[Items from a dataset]
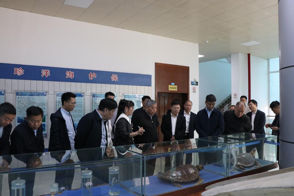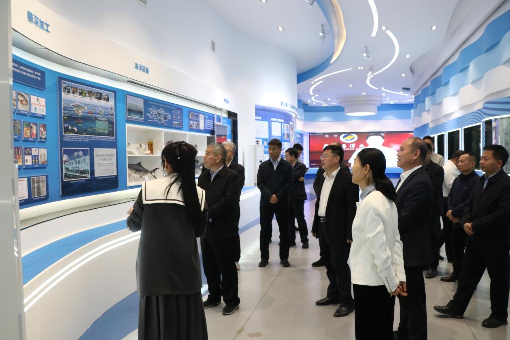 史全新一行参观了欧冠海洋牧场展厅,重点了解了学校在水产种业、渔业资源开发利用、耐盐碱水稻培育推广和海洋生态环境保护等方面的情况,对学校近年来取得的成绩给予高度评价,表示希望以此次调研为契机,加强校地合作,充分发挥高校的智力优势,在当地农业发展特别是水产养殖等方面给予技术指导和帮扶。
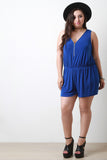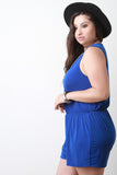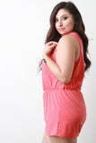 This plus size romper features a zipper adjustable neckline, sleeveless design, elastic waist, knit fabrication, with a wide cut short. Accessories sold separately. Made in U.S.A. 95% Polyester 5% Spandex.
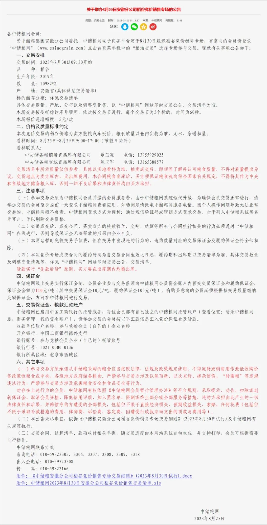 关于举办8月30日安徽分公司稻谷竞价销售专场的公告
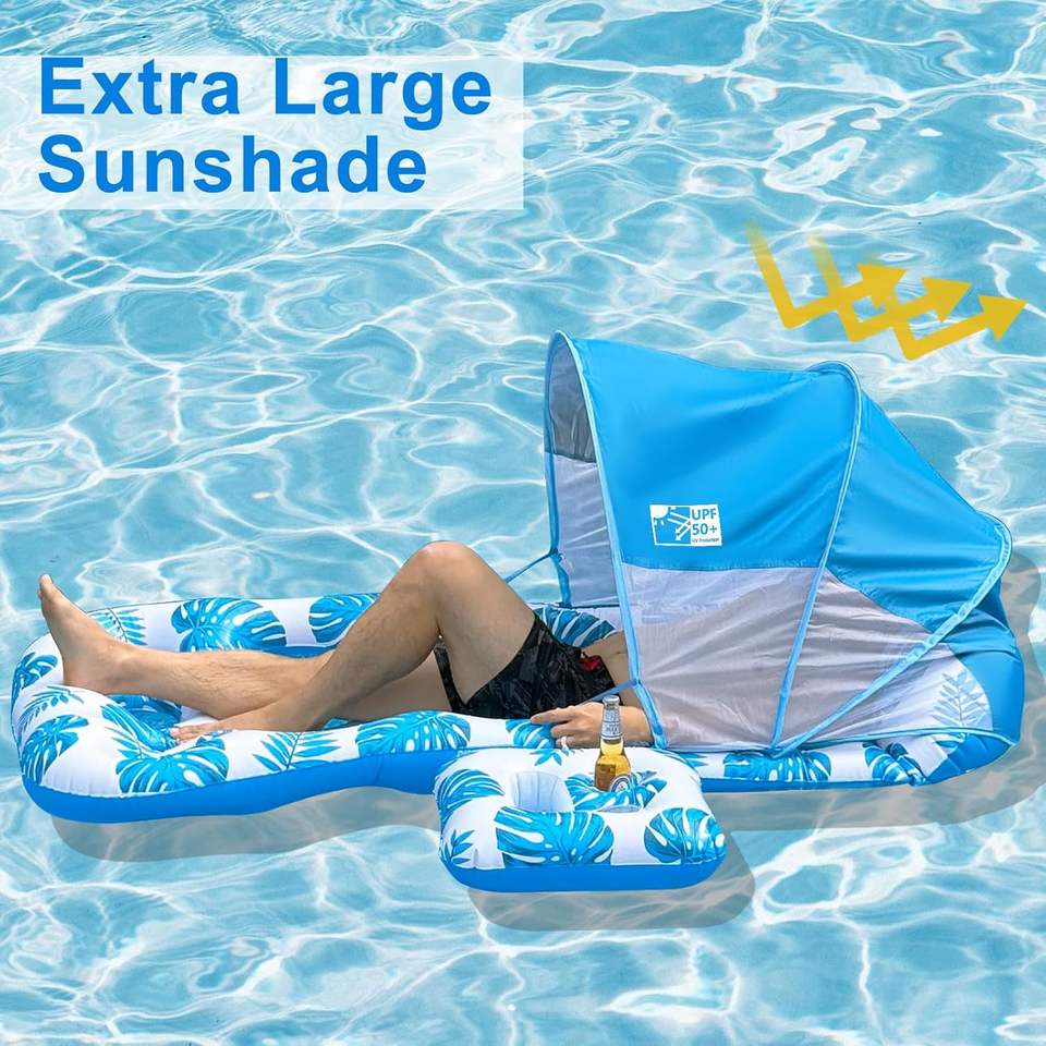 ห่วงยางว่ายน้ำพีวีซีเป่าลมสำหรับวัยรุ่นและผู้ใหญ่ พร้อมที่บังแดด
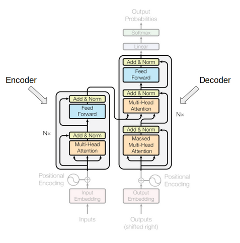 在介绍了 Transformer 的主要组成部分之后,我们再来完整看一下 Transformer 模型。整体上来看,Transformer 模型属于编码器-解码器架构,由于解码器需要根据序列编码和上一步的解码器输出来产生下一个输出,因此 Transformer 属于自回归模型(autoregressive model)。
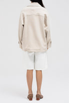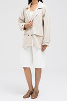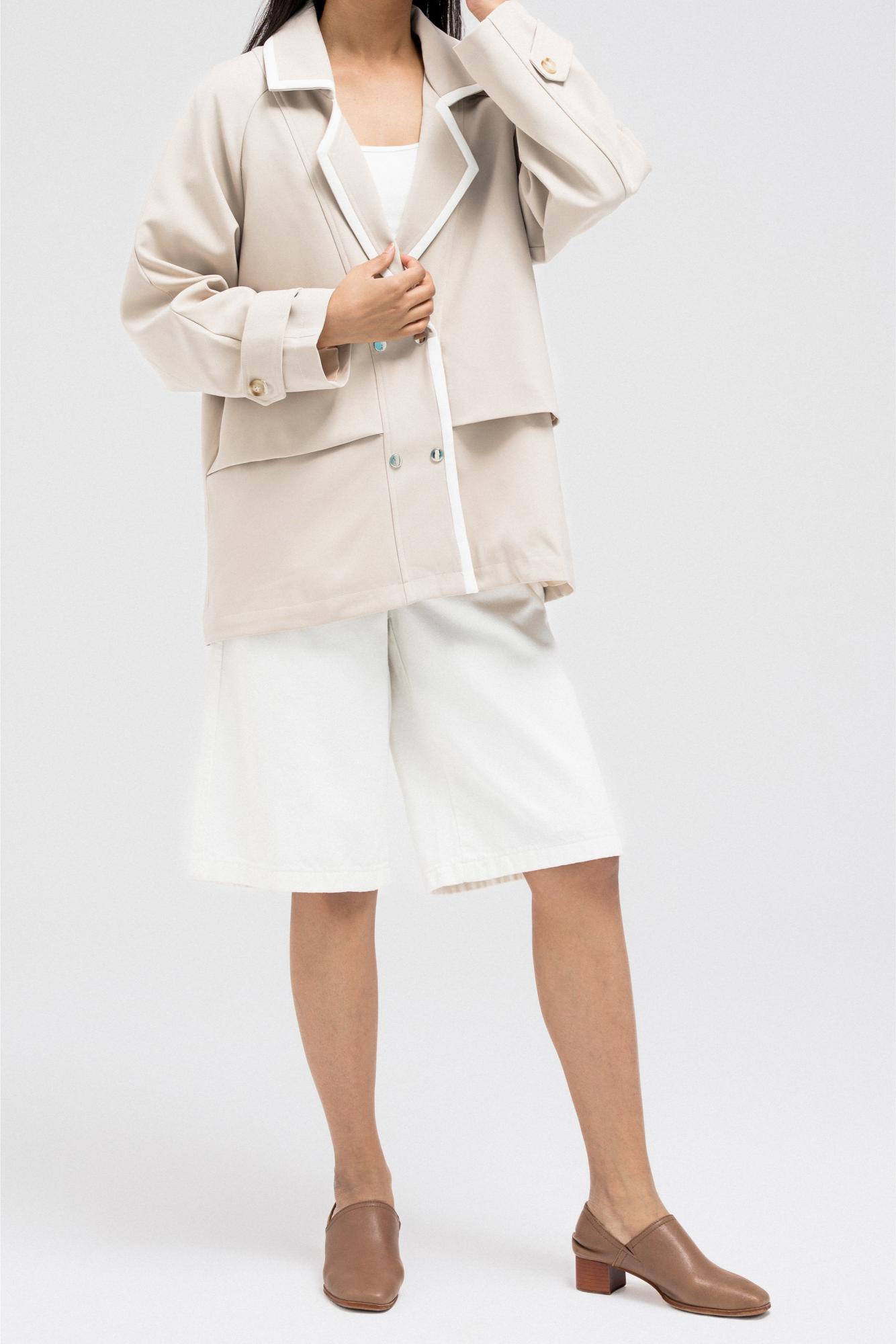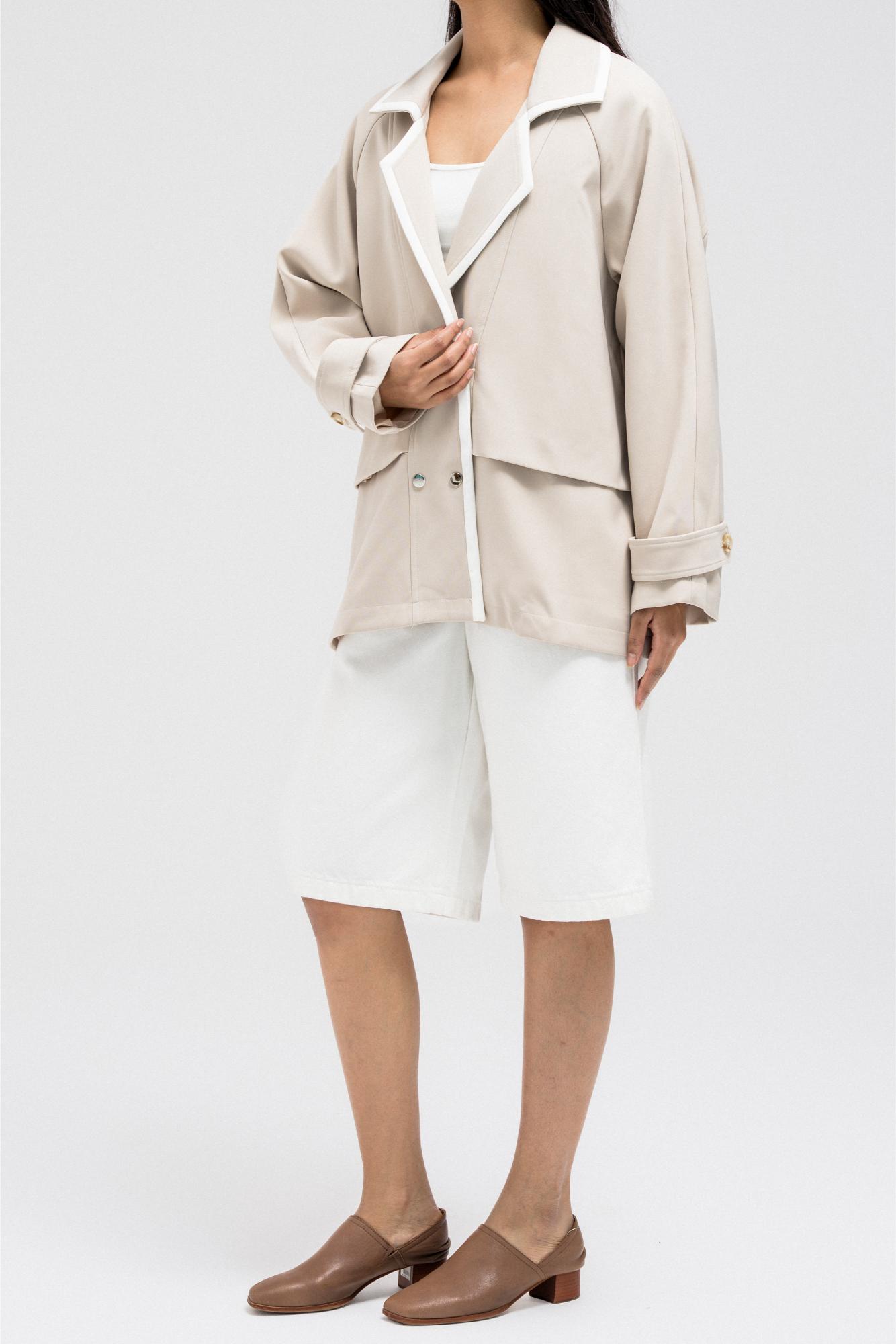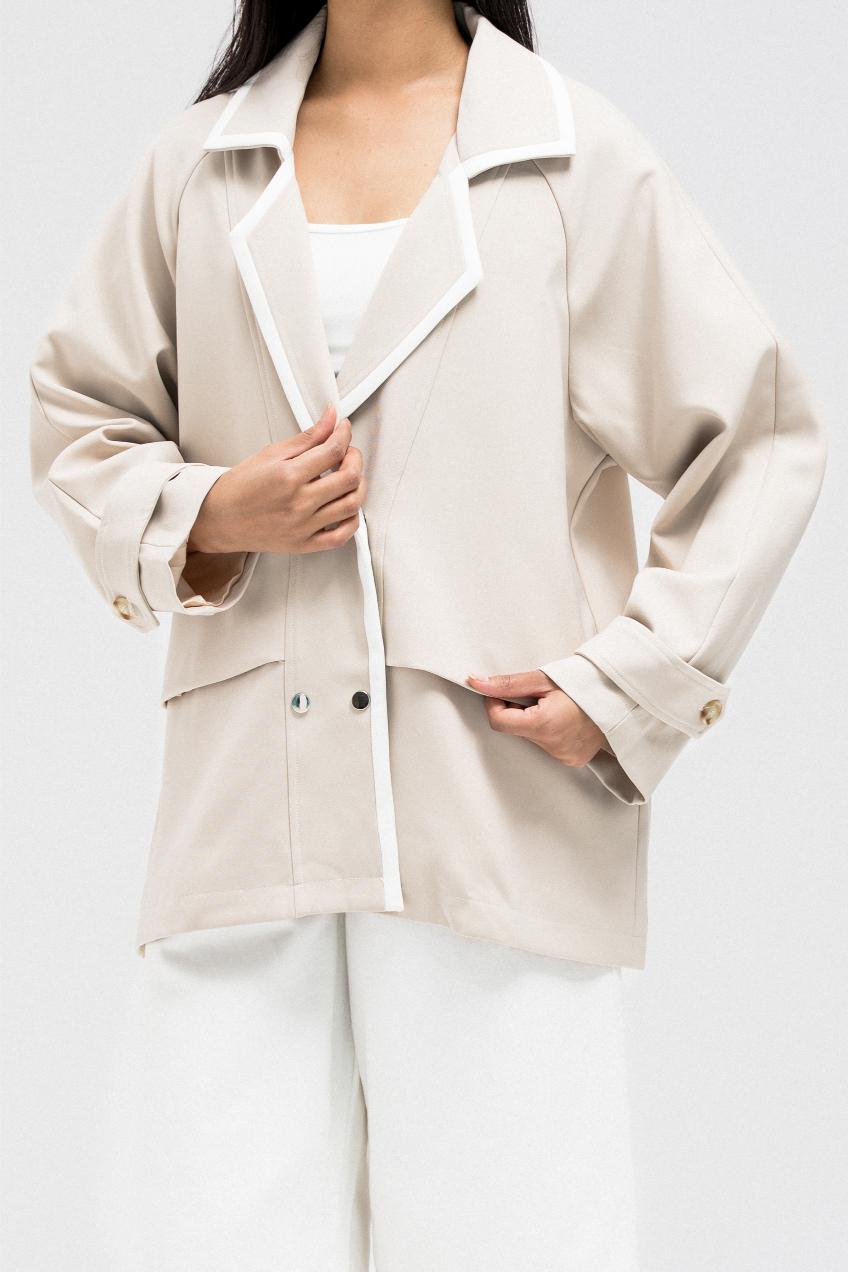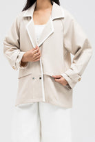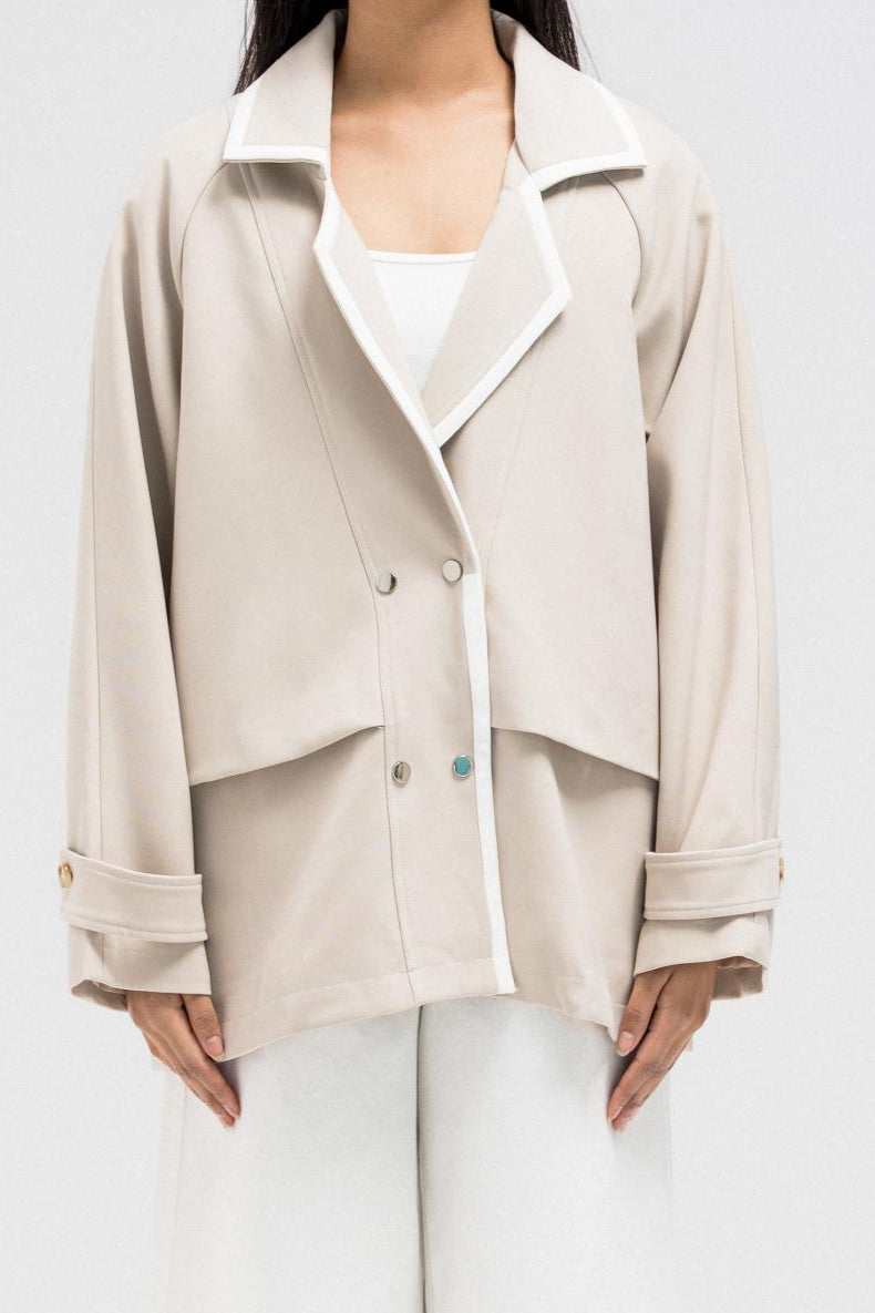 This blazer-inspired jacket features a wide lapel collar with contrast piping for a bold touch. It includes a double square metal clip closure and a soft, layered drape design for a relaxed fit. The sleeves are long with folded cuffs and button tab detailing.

> _Action item_
Copy out exactly the lines between the line containing "在介绍了 Transformer 的主要组成部分之后,我们再来完整看一下" and the end of the entries, including both, and leave the pictures behind.

> _Task output_
 在介绍了 Transformer 的主要组成部分之后,我们再来完整看一下 Transformer 模型。整体上来看,Transformer 模型属于编码器-解码器架构,由于解码器需要根据序列编码和上一步的解码器输出来产生下一个输出,因此 Transformer 属于自回归模型(autoregressive model)。
 This blazer-inspired jacket features a wide lapel collar with contrast piping for a bold touch. It includes a double square metal clip closure and a soft, layered drape design for a relaxed fit. The sleeves are long with folded cuffs and button tab detailing.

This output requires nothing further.